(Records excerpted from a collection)
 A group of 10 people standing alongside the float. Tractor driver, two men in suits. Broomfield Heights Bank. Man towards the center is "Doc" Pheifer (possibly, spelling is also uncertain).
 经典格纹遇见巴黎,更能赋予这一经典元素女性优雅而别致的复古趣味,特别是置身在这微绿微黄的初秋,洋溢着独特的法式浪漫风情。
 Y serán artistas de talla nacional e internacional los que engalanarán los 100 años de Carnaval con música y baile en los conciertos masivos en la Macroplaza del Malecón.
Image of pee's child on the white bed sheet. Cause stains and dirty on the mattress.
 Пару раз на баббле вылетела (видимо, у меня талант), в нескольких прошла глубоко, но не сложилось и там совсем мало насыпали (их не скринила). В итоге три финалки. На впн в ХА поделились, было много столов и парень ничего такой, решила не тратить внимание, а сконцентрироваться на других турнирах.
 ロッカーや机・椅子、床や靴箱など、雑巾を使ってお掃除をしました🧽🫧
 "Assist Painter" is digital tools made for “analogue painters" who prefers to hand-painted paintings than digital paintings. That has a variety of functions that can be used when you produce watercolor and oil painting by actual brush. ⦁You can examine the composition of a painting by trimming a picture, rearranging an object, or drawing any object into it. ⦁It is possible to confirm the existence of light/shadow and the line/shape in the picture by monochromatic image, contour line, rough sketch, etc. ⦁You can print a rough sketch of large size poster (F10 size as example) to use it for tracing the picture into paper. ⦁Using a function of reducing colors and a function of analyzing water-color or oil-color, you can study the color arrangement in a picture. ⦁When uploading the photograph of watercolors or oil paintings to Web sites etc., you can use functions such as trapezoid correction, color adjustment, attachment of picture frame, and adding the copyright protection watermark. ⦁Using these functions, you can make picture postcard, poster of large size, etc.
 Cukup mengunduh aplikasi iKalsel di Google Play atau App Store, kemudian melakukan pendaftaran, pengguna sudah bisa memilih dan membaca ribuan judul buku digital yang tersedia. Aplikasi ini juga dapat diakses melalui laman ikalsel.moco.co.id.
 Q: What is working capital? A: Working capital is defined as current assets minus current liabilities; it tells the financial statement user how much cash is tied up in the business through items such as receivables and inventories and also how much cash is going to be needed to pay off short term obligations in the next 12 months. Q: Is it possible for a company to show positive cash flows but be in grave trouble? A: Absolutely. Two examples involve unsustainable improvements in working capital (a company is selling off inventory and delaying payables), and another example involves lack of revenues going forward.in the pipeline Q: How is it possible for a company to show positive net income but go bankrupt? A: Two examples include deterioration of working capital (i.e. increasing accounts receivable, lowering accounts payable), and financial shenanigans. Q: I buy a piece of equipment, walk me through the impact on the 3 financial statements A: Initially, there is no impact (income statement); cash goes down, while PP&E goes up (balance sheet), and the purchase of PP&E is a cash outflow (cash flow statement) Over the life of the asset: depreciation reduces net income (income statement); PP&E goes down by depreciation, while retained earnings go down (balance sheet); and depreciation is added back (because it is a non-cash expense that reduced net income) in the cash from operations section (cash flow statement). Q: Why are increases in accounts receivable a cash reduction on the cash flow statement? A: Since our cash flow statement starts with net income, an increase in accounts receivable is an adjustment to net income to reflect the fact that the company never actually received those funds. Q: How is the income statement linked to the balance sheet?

---

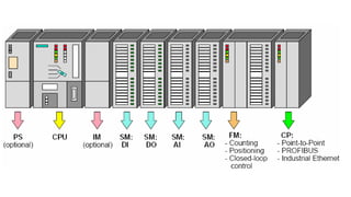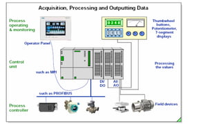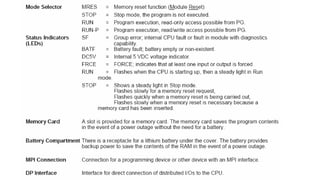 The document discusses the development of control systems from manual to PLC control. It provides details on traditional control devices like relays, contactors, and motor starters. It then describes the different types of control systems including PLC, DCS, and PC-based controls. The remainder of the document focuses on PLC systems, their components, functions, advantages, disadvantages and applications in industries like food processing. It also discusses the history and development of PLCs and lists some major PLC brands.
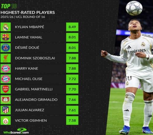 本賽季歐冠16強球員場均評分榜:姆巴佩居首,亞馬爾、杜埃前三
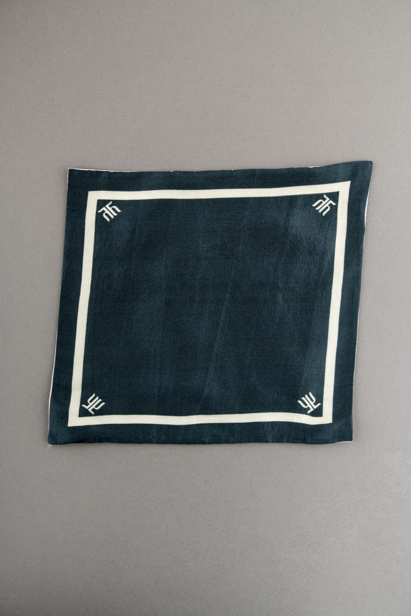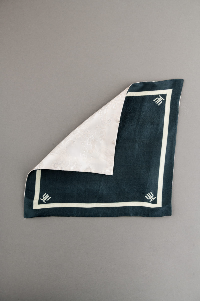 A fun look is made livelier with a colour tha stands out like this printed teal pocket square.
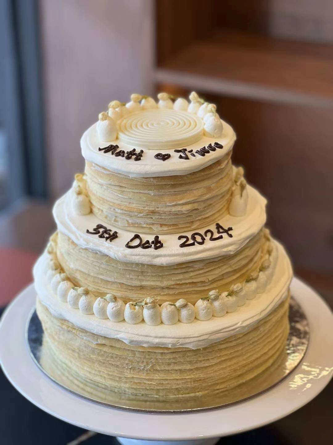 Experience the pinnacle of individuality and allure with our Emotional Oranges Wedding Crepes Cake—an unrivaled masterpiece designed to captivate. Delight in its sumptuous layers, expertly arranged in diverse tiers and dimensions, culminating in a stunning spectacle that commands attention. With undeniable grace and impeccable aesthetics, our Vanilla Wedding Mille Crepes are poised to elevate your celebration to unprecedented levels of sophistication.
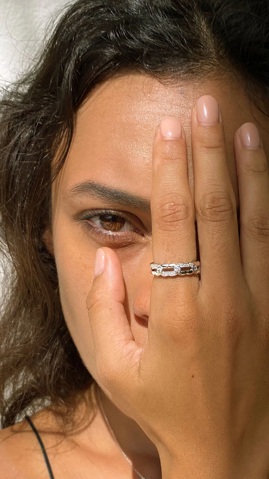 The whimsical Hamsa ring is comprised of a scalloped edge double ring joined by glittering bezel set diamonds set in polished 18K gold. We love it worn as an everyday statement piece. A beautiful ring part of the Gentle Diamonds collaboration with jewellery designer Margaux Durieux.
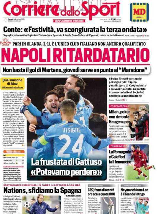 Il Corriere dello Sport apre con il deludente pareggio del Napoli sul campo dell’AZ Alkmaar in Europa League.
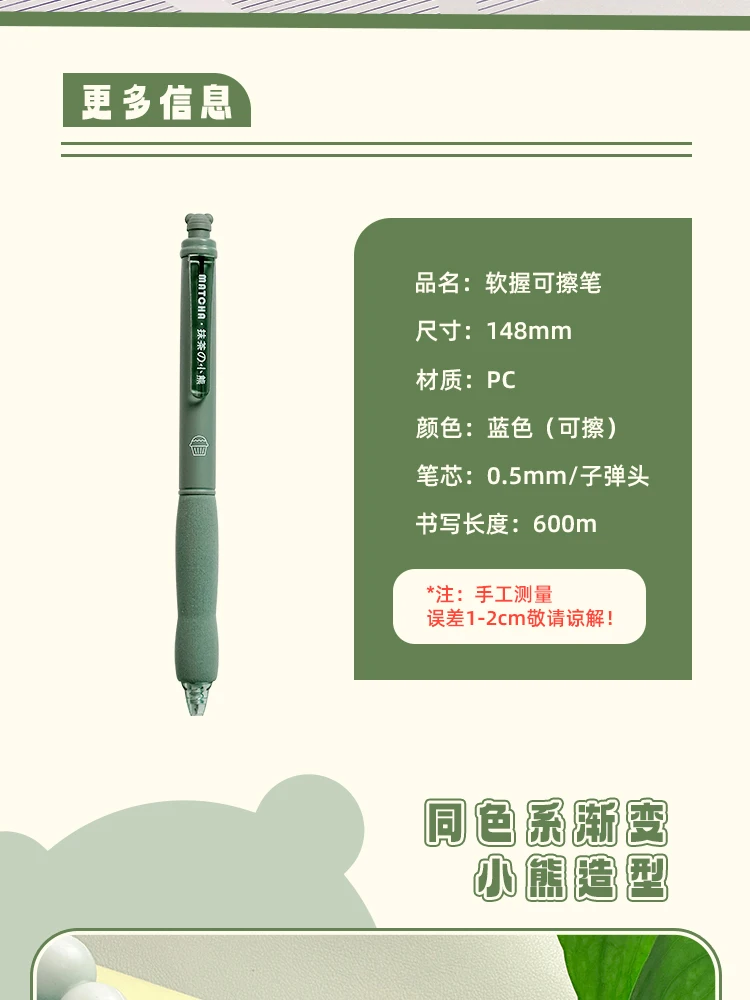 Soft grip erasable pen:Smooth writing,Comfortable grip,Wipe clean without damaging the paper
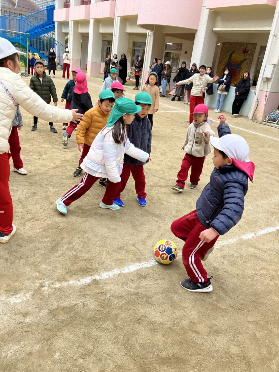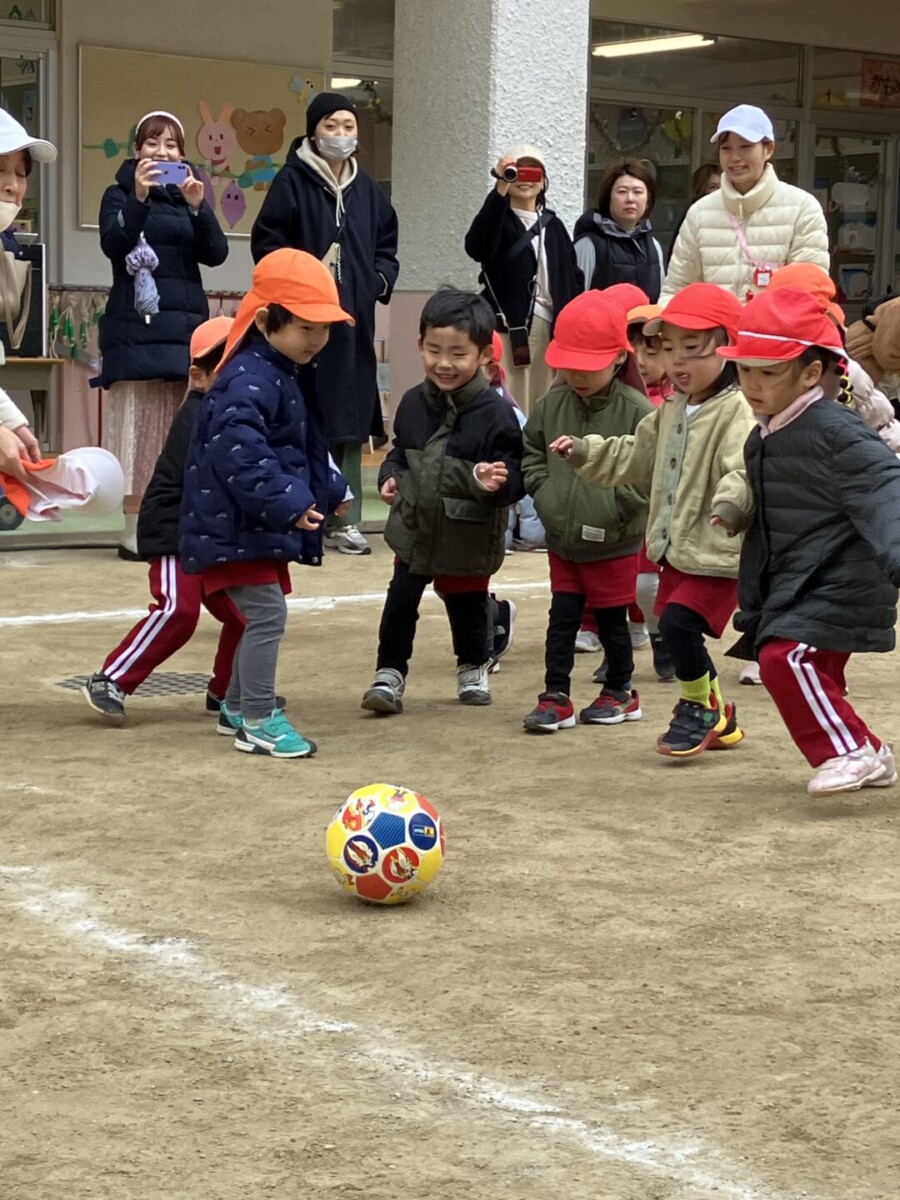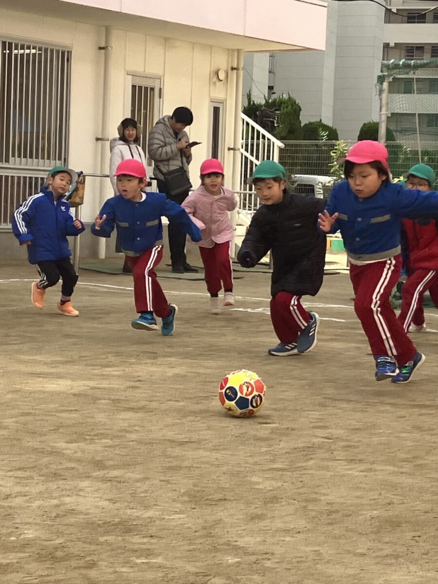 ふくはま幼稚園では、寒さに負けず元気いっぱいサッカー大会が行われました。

--

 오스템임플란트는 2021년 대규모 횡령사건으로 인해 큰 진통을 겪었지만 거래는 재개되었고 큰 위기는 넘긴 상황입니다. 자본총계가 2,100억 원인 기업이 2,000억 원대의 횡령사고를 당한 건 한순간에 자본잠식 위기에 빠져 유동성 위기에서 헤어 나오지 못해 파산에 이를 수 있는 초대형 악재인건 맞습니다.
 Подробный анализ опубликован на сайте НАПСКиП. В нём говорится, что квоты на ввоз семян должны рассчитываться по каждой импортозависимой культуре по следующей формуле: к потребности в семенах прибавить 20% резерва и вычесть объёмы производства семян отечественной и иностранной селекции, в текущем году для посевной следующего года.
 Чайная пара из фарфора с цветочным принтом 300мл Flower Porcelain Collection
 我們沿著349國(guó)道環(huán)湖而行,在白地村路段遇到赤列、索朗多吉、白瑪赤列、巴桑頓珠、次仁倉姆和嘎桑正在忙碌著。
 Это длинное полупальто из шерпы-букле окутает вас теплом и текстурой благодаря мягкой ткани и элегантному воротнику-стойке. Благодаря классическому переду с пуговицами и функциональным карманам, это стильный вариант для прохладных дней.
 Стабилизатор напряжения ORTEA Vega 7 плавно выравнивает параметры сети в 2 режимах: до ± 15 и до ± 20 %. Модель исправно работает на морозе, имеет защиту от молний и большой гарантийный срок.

§ **Task directions**
Only the lines above starting at the line that holds "A group of 10" and ending at the line that holds "ロッカーや机・椅子、床や靴箱など、雑巾を使ってお掃除をしました🧽🫧" are to be repeated, exactly and in full.

§ **Task answer**
 A group of 10 people standing alongside the float. Tractor driver, two men in suits. Broomfield Heights Bank. Man towards the center is "Doc" Pheifer (possibly, spelling is also uncertain).
 经典格纹遇见巴黎,更能赋予这一经典元素女性优雅而别致的复古趣味,特别是置身在这微绿微黄的初秋,洋溢着独特的法式浪漫风情。
 Y serán artistas de talla nacional e internacional los que engalanarán los 100 años de Carnaval con música y baile en los conciertos masivos en la Macroplaza del Malecón.
Image of pee's child on the white bed sheet. Cause stains and dirty on the mattress.
 Пару раз на баббле вылетела (видимо, у меня талант), в нескольких прошла глубоко, но не сложилось и там совсем мало насыпали (их не скринила). В итоге три финалки. На впн в ХА поделились, было много столов и парень ничего такой, решила не тратить внимание, а сконцентрироваться на других турнирах.
 ロッカーや机・椅子、床や靴箱など、雑巾を使ってお掃除をしました🧽🫧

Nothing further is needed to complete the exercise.